Required action - Retype the material below exactly, from its first line through the line with "We rolled out"; the pictures stay out.

Raw data -
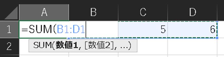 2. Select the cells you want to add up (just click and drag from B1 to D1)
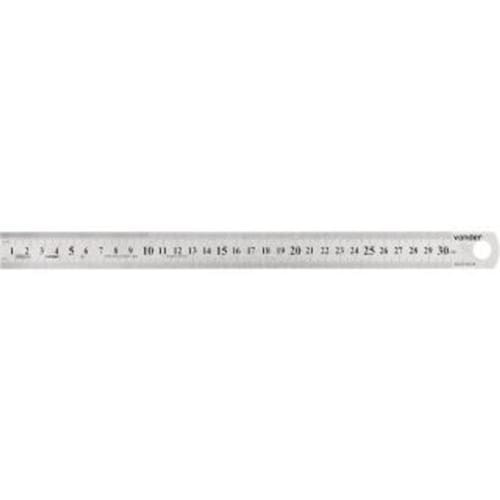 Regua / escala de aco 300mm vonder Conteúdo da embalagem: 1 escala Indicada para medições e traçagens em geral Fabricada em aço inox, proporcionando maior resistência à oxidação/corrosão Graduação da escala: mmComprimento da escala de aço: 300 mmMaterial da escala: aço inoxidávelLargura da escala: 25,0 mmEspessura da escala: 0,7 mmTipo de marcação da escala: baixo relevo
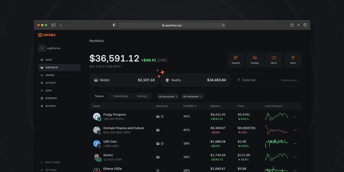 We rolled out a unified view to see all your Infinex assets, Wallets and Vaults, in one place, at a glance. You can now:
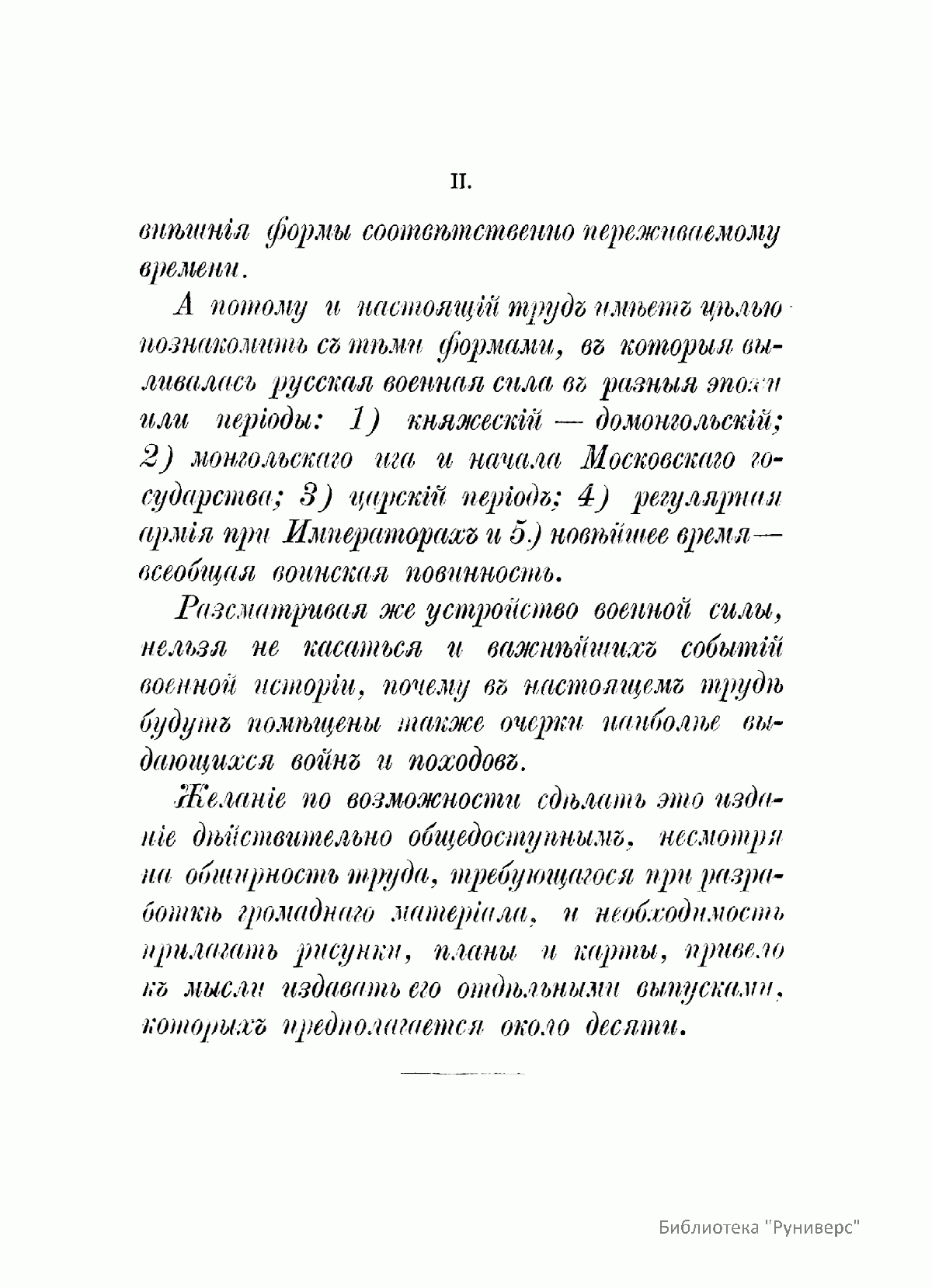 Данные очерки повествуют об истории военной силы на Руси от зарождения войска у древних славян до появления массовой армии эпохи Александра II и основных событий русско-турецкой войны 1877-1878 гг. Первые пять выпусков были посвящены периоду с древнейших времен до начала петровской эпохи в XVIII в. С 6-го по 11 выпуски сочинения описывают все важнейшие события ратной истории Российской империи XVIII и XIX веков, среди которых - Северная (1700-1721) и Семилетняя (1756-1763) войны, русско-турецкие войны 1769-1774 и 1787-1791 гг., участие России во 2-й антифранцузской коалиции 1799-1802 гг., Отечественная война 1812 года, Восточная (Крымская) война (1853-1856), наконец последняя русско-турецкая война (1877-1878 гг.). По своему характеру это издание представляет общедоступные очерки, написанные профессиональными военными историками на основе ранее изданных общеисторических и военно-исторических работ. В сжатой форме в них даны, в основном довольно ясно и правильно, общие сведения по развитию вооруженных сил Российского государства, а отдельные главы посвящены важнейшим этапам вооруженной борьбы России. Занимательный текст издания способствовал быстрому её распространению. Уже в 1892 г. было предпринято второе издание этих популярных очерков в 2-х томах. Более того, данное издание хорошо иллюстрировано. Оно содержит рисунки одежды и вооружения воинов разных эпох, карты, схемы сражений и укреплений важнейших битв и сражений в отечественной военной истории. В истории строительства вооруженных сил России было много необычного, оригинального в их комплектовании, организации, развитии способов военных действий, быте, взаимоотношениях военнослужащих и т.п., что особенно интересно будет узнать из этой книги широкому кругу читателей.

Answer box -
 2. Select the cells you want to add up (just click and drag from B1 to D1)
 Regua / escala de aco 300mm vonder Conteúdo da embalagem: 1 escala Indicada para medições e traçagens em geral Fabricada em aço inox, proporcionando maior resistência à oxidação/corrosão Graduação da escala: mmComprimento da escala de aço: 300 mmMaterial da escala: aço inoxidávelLargura da escala: 25,0 mmEspessura da escala: 0,7 mmTipo de marcação da escala: baixo relevo
 We rolled out a unified view to see all your Infinex assets, Wallets and Vaults, in one place, at a glance. You can now:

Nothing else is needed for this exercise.